**WORK TASK**.
Beginning with the line that contains "Συγκεκριμένα, η δημοτική" and ending with the line that contains "choice of all", reproduce the lines of the entries below exactly, omitting pictures.

**INFORMATION SHOWN**.

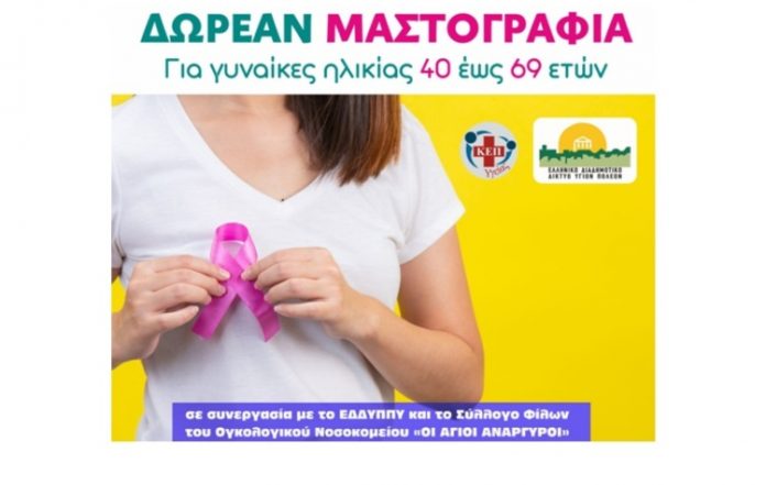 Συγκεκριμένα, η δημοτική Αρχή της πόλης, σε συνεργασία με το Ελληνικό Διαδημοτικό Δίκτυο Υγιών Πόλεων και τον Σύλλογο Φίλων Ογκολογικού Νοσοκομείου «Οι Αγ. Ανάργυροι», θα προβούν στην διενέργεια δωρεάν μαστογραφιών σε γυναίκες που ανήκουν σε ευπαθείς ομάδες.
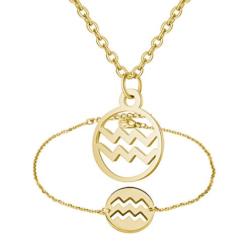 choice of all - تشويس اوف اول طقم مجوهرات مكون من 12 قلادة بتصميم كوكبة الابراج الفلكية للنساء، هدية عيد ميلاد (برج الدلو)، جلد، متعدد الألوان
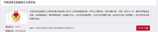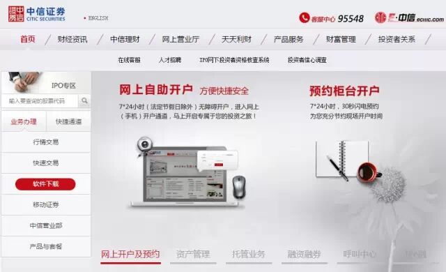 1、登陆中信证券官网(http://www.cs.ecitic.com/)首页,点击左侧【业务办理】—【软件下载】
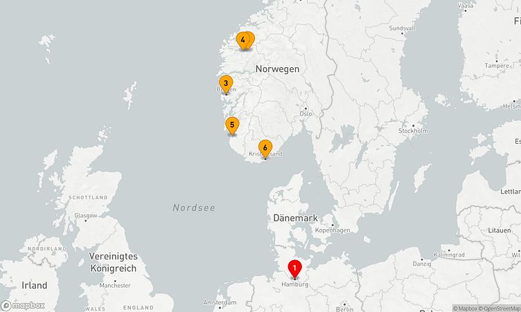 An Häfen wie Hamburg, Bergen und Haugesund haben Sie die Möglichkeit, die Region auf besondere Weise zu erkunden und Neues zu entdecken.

==

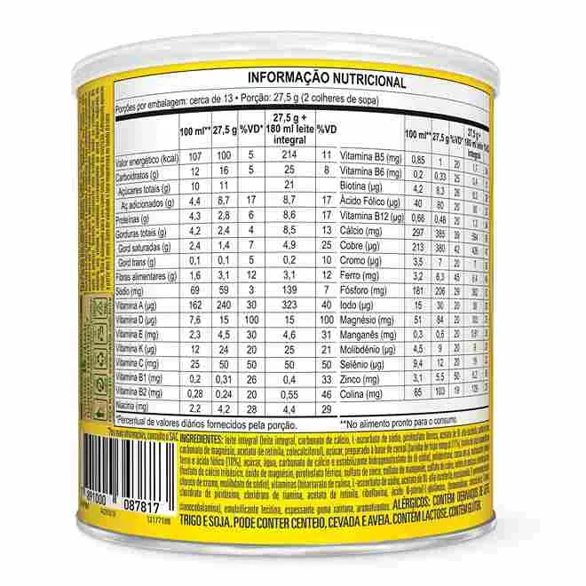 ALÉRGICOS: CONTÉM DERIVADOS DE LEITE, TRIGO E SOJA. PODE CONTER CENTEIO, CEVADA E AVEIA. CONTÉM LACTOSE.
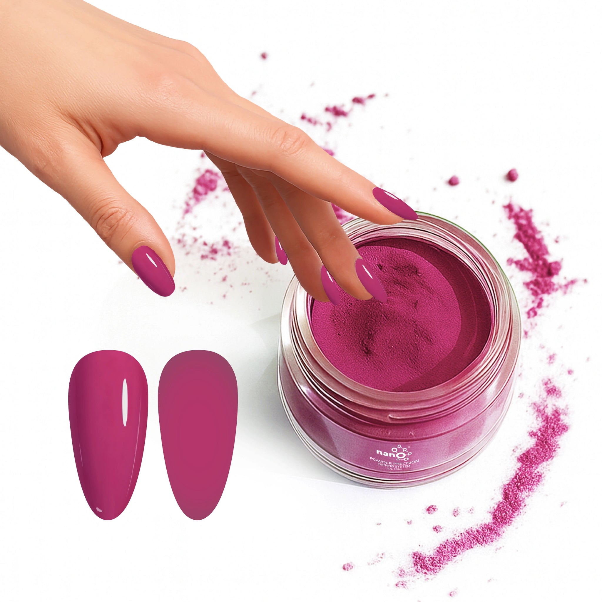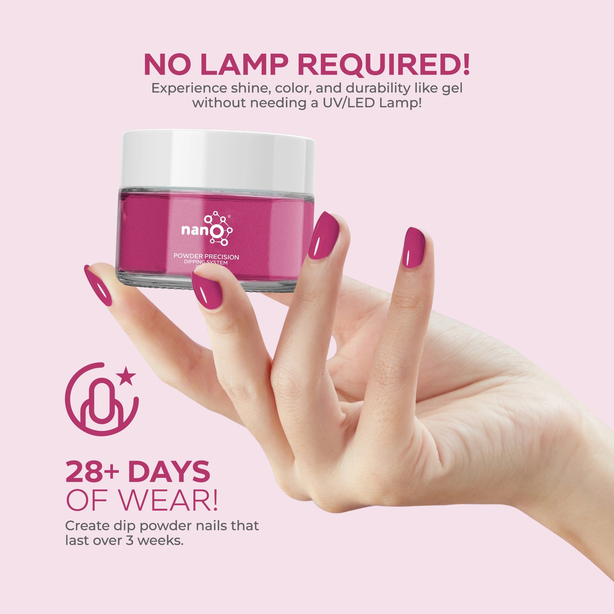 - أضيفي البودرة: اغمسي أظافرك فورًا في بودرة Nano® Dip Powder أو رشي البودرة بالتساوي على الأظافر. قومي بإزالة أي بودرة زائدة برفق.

==

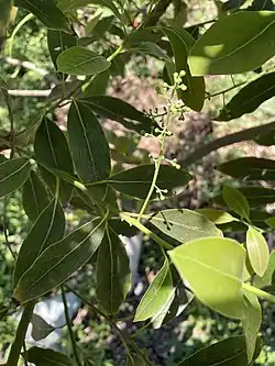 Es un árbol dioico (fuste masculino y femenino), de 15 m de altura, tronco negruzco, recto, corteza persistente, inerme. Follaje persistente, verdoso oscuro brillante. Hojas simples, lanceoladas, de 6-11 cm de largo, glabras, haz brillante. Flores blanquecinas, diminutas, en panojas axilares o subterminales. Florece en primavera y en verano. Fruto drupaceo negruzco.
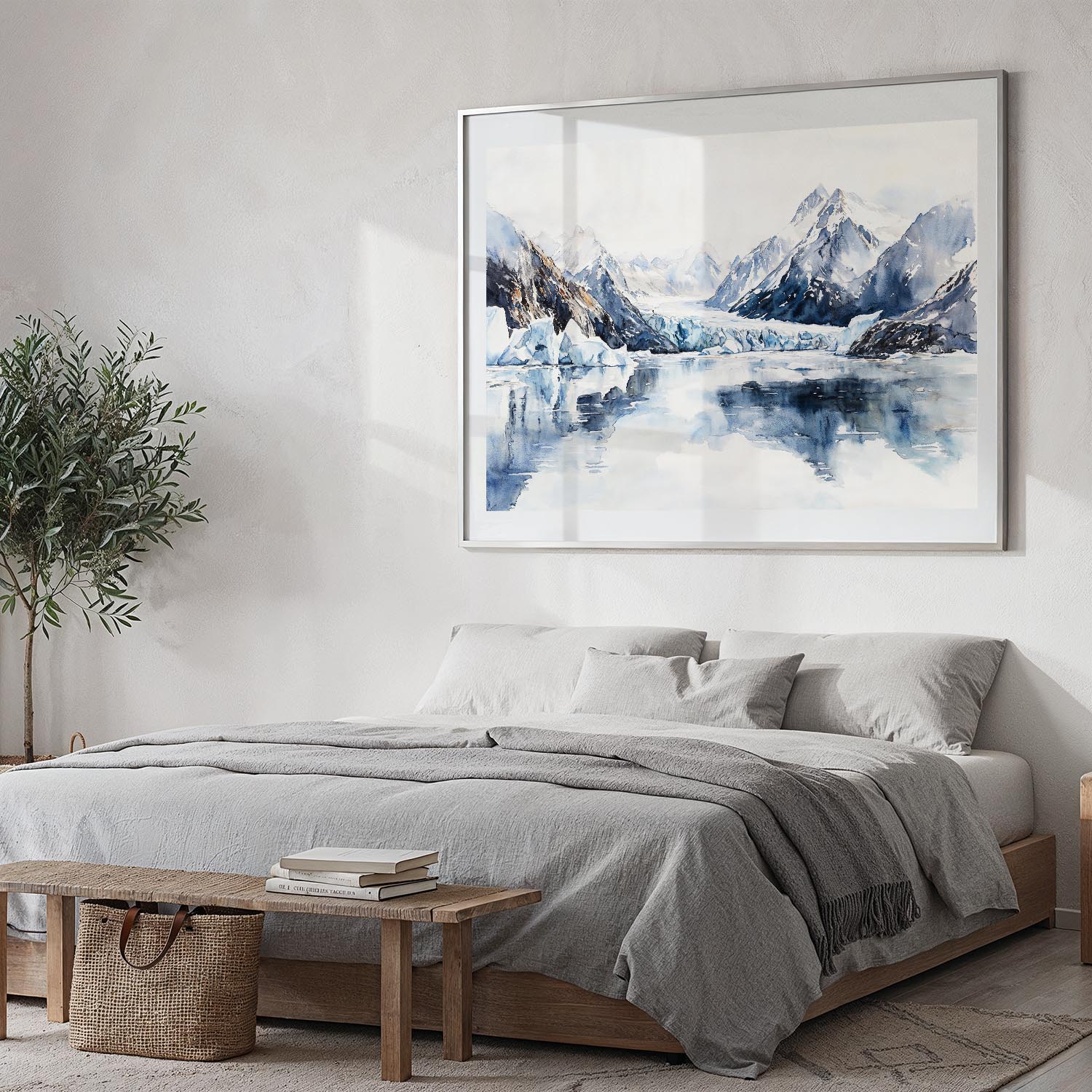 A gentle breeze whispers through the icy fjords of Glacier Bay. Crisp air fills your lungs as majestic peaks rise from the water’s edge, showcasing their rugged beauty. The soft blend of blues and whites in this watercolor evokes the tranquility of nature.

**RESULT OF THIS TASK**.
 Συγκεκριμένα, η δημοτική Αρχή της πόλης, σε συνεργασία με το Ελληνικό Διαδημοτικό Δίκτυο Υγιών Πόλεων και τον Σύλλογο Φίλων Ογκολογικού Νοσοκομείου «Οι Αγ. Ανάργυροι», θα προβούν στην διενέργεια δωρεάν μαστογραφιών σε γυναίκες που ανήκουν σε ευπαθείς ομάδες.
 choice of all - تشويس اوف اول طقم مجوهرات مكون من 12 قلادة بتصميم كوكبة الابراج الفلكية للنساء، هدية عيد ميلاد (برج الدلو)، جلد، متعدد الألوان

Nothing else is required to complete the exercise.